While He suffers for me I have not even the presence of mind or the discipline to wait a moment with Him.
Scott Hahn writes in “The Lamb’s Supper” about the Mass…
“The Mass is the ‘once and for all’ perfect sacrifice for Calvary, which is present on Heaven’s altar for all eternity. It is not a ‘repeat performance’. There is only one sacrifice, it is perpetual and eternal, and so it needs never be repeated. Yet the Mass is our participation in that sacrifice and in the ternal life of the Trinity in Heaven, where the Lamb stands eternally ‘as if slain’.”
And I have been reflecting on that today.
You see, Saint Padre Pio once said that if people really understood the value of the Mass, there would be police lined up at the doorway of the Church to keep control of the crowds trying to get into the Church.

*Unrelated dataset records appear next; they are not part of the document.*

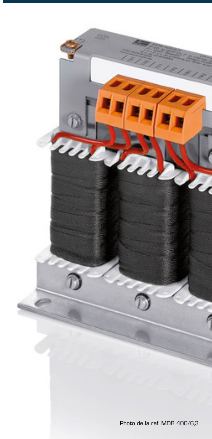
Photo de la ref. MDB 400/6,3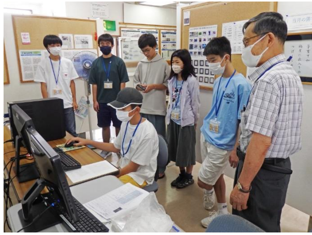
再装着メモリと SSD の容量確認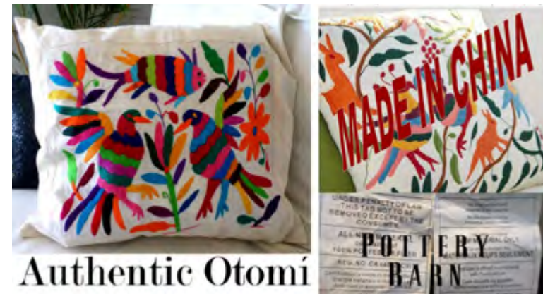
Figura 11. Publicidad de la denuncia hacia Pottery Barn en la página web Change.org < https://www.change.org/p/williams-sonoma-pottery-barn-please-stop-selling-fake-otomi-embroidery-items-made-in-china?source_location=minibar >.

And I have been thinking about that as well. You see, the Mass is the most powerful prayer that a soul can pray, and yet so many times there are distractions. Sometimes, the priest does not speak well in his homily and this distracts me from the Blessed Eucharist. Sometimes I am too hot or too cold inside the church and this is a distraction. Sometimes, I ma feeling unwell or tired or irritated about something that has happened before I even left my home that day. Sometimes, people sitting around me distract me with their own distractions. Sometimes they sing too loudly or speak too softly. Sometimes, their hair is messy or their clothes are inappropriate or sometimes, it is just not my day and every little buzzing seems to fill my ears and I cannot hear anything of the most Holy prayer in front of me for the distractions inside my head.
And I have been thinking about that today – because all of Heaven stops and all the angels and the Saints celebrate the Mass with me. And there I sit inside that church completely oblivious and terribly distracted from the Eternal Sacrifice. And that means that I am distracted from the eternal sacrifice of God – right there on the Cross.
And today it occurs to me that Christ – my Beloved – hangs from that Cross, bearing the weight of my sins in every wound of His Holy Body, and while He suffers for me I have not even the presence of mind or the discipline to wait a moment with Him. And in this I am no better than the disciples who would not stay awake in the Garden and pray with him the night before He died. And I am no better than the disciples who ran away from Him and hid rather than witnessing His agony on the Cross.
And it occurs to me today that it must be a terrible suffering for the Son of Man to suffer such agony in front of me and to have me completely and utterly ignore Him…
That must be such terrible terrible suffering for God…
For with prayer, I stand on Holy Ground where everything is clear. Here. At the Foot of the Cross.